Post by: William J.P. Smith
Throughout the years the Smokey Bear campaign has been educating the public about the dangers of wildfires. Sadly, many people still don’t take the time to prepare themselves. One of the biggest wildfires in recent years was the Station Fire in Los Angeles County, California that burned over 160,000 acres, killing two firefighters and destroying 209 structures, including 89 homes.
During the Station Fire incident, another wildfire in L.A. County occurred in my old hometown of Rancho Palos Verdes. The fire was located just outside the Portuguese Bend neighborhood that I grew up in. While monitoring the incident online I could see that the residents in the affected area were vastly unprepared as the order to evacuate was given.

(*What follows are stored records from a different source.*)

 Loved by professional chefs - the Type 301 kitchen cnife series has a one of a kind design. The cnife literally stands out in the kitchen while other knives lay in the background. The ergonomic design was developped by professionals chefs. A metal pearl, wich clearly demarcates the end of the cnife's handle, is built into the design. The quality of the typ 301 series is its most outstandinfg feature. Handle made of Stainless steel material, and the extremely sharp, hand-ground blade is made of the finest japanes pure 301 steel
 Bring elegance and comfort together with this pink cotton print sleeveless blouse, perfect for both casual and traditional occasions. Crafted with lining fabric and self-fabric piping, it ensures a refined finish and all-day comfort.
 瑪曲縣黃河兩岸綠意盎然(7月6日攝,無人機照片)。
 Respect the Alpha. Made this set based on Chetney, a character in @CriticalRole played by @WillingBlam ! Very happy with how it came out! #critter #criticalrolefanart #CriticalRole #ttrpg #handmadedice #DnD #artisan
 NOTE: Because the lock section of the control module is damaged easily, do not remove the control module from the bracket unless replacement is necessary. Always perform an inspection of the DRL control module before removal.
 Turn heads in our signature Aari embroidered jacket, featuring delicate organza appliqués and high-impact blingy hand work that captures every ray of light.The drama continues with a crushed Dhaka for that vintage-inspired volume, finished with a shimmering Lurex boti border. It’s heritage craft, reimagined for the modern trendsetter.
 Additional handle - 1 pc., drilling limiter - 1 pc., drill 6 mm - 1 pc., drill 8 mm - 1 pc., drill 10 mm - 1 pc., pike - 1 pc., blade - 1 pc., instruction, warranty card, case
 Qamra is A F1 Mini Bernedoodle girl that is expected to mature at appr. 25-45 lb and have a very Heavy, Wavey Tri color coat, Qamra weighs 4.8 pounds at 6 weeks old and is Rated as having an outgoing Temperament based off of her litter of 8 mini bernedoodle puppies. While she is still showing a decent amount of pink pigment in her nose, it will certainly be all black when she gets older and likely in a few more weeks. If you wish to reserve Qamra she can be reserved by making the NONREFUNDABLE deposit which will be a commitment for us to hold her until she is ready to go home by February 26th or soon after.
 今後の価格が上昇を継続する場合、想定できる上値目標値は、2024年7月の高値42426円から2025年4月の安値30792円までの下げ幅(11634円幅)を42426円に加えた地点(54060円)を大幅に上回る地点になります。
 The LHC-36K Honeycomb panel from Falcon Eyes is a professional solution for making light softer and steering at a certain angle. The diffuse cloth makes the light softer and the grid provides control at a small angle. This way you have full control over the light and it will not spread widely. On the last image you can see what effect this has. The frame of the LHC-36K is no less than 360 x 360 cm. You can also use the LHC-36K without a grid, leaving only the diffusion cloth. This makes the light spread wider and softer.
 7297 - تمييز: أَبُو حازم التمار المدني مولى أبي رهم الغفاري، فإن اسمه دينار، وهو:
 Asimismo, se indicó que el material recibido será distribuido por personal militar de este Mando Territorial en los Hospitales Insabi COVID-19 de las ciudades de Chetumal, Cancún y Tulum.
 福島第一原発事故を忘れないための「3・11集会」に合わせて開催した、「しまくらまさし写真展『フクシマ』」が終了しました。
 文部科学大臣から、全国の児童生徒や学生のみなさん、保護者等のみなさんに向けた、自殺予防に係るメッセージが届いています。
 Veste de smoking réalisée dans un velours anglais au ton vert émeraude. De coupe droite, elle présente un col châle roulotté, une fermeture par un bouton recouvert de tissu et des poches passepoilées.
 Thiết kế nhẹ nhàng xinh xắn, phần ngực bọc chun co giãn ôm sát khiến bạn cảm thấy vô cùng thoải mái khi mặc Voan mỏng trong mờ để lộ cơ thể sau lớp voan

Many people have a misconception that wildfires only occur during hot summer months. Even though most of them do, they can occur at any time and firefighters have already battled some large wildfires this year. Now is the time to think about your wildfire preparedness plan.
It is important to assess your property for hazards and take fire prevention measures. With advanced wildfire planning and preparation, you can dramatically increase your safety and the survivability of your property.
There are steps that you can take to protect your property. Some of the more important steps to take are to create a 30 to 100 foot safety zone (Defensible space) around your home that is clear of dry brush, vegetation and other combustible rubbish around that could provide fuel for wildfires. Make sure your property is identified with an address marker that is visible both day and night. Driveway must be unobstructed and have adequate clearance for emergency vehicles.
Assemble an emergency supply kit and keep an extra kit in your vehicle in case you can’t get to your home because of fire. Have an evacuation plan for your family including several different evacuation routes. Create a meeting location outside of fire hazard areas. Make sure family members know where to meet if an evacuation occurs when they are away from home. Practice your evacuation routes. Practicing your plan makes the appropriate response more of a reaction, requiring less thinking during an actual emergency situation.